The big reveal lands on 23 September in London. But the name? That’s the story for today. It honors El Torcal de Antequera, a limestone formation in Andalusia, Spain. Bentley likes naming things after landscapes. Remember the Bentayga? The Batur? This fits right in. There is a cheeky layer too. The name echoes the Latin verb torquere. It means “to twist.”

Sound familiar.

The word ‘torque’ comes from there.

This isn’t just a concept anymore. It’s real.
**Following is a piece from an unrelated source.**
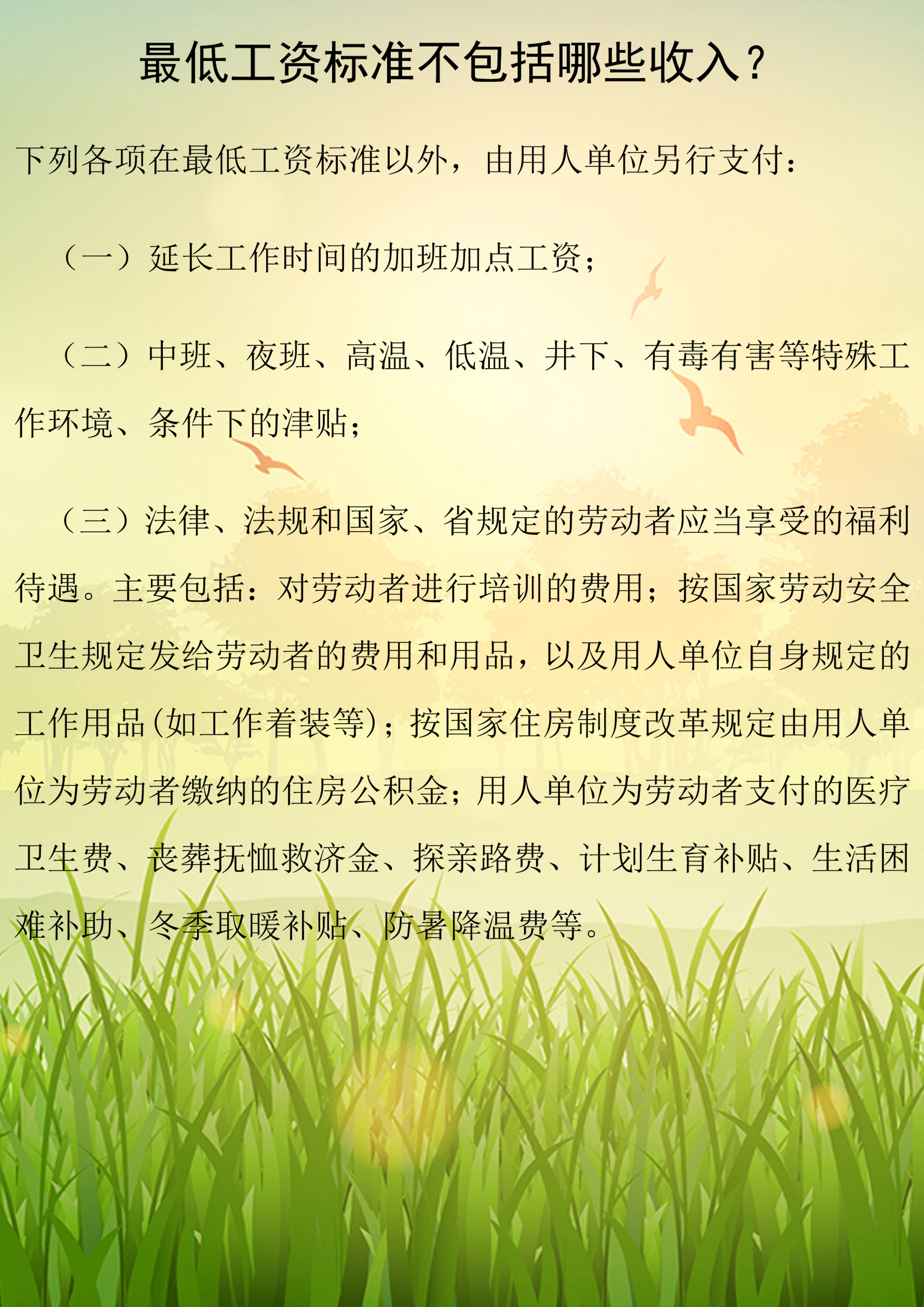 最低工资标准不包括那些收入

The EXP 15 showed the world the design language last year. Now, it is being finished for production. It sits below the Bentayga in size but shares its silhouette. It feels similar yet totally different. The front gets vertical LED quad headlights. A lit-up grille panel stares back at you. At the rear? Look for the “prestigious shield”. It mimics luggage carriers from vintage tourers. Old soul in a new body.

Why rush out an SUV now.

Demand for expensive electric cars dropped last year. Bentley paused. They scrapped the goal of going all-electric by 2040? No. 2030. That date is dead. Now the plan changes. They will launch a PHEV or a pure EV every single year until 2045? Wait. 2035. That’s the new timeline.
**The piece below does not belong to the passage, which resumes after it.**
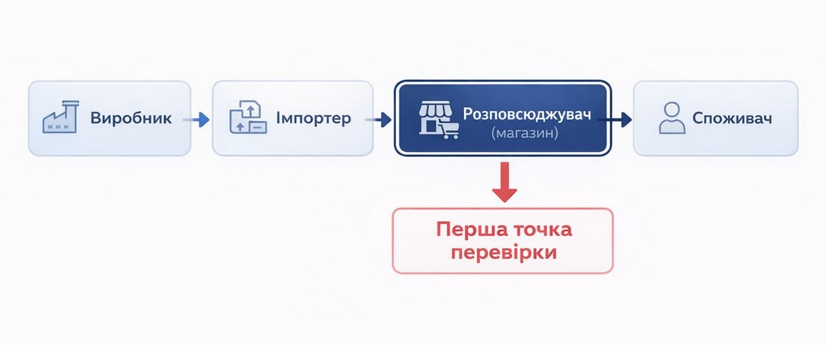 Причина – у самій логіці законодавства про державний ринковий нагляд. Воно побудоване за принципом руху по ланцюгу постачання: від розповсюджувача до імпортера (виробника). Саме тому ритейл виступає першою точкою входу для контролю. Закон покладає на розповсюджувача обов’язок діяти як мінімальний фільтр: перевіряти наявність базової інформації та документації про товар, забезпечувати можливість відслідкувати його походження і реагувати на виявлені порушення.

The gas-guzzling V8 Bentayga isn’t going away. Not yet. It stays on sale. A new combustion version comes in 2028. Bentley wants choice. Multi-powertrain means exactly what it sounds like. You can buy petrol or you can buy electrons. No judgment from the brand. Just inventory.

Porsche, Aston Martin, Lotus. Lamborghini. They all slowed down. The electric transition got muddy. Bentley waited. Now they are first. First in this specific price bracket, anyway. The Torcal is a luxury SUV focused on “everyday usability”. It’s meant to be driven. Not just looked at in a gallery.

The final testing is wrapping up. Weeks away from the red carpet. The design sets the tone for everything coming out of Crewe next. It’s a pivot point. The question remains whether “usability” can save the EV boom when everyone else is hesitating.

Maybe that hesitation is the point.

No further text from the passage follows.